Data:
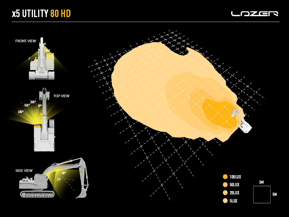 In summary, from the simulation and case study results - we can see this set up is achieving excellent levels of lighting (>100 Lx) in a wide area around the excavator, with an otpimal level of light uniformity across all required zones. The light output is crucal but we can also see the strategic positioning of theese lamps is also key to to optimise coverage and uniformity for the operator. This result is achieved using 12 lamps in total, comprising 5 × Utility-80 HD and 7 × Utility-50 lamps.
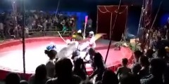 Կրկեսում վարժեցված վայրի կենդանիների մասնակցությամբ հերթական չափազանց վտանգավոր միջադեպն է տեղի ունեցել: Ռուսական կրկեսի հայտնի վարժեցնողներ՝ Զապաշնի եղբայրների ներկայացումը դուրս է եկել ծրագրված սահմաններից: Հենց ներկայացման ընթացքում վագրերից մեկը հարձակվել է առյուծի վրա և նրանց միջև մենամարդ է սկսվել: Եղբայրներից մեկը ստիպվա...
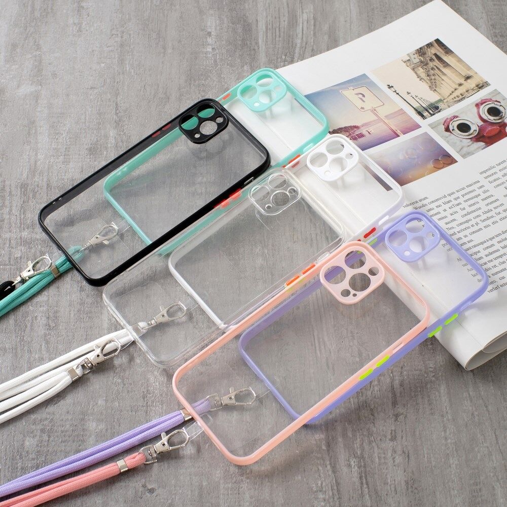 Transparent TPU + Acrylic Combo Hybrid Back Phone Cover Shell with Lanyard for iPhone 11 Pro Max 6.5 inch
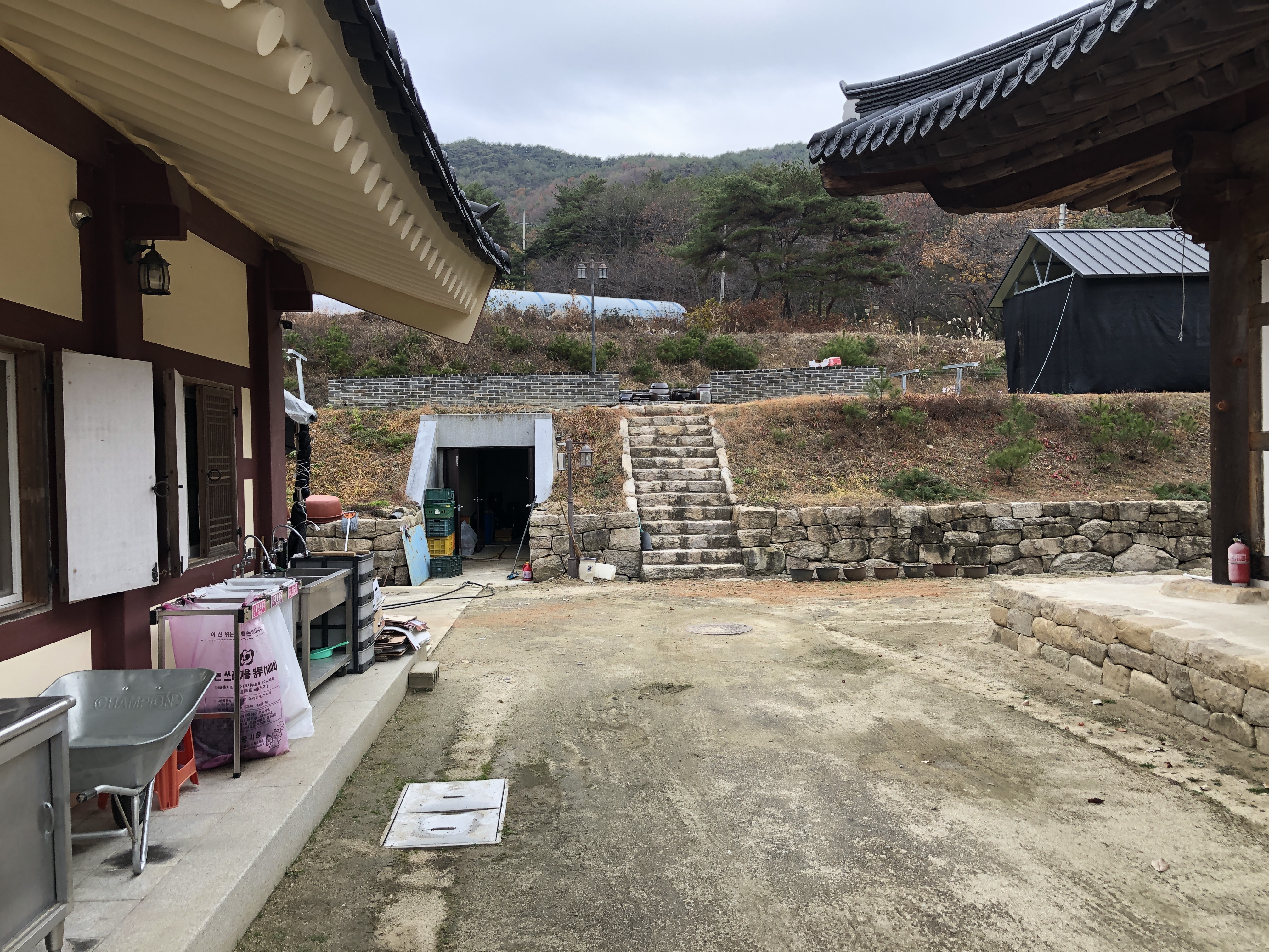 공양간과 템플스테이 건물 사이 뒤편을 보니 항아리들과 콘크리트 창고가 보인다.

Task:
Every line of the material above must be written out exactly, with no pictures.

Finished task:
 In summary, from the simulation and case study results - we can see this set up is achieving excellent levels of lighting (>100 Lx) in a wide area around the excavator, with an otpimal level of light uniformity across all required zones. The light output is crucal but we can also see the strategic positioning of theese lamps is also key to to optimise coverage and uniformity for the operator. This result is achieved using 12 lamps in total, comprising 5 × Utility-80 HD and 7 × Utility-50 lamps.
 Կրկեսում վարժեցված վայրի կենդանիների մասնակցությամբ հերթական չափազանց վտանգավոր միջադեպն է տեղի ունեցել: Ռուսական կրկեսի հայտնի վարժեցնողներ՝ Զապաշնի եղբայրների ներկայացումը դուրս է եկել ծրագրված սահմաններից: Հենց ներկայացման ընթացքում վագրերից մեկը հարձակվել է առյուծի վրա և նրանց միջև մենամարդ է սկսվել: Եղբայրներից մեկը ստիպվա...
 Transparent TPU + Acrylic Combo Hybrid Back Phone Cover Shell with Lanyard for iPhone 11 Pro Max 6.5 inch
 공양간과 템플스테이 건물 사이 뒤편을 보니 항아리들과 콘크리트 창고가 보인다.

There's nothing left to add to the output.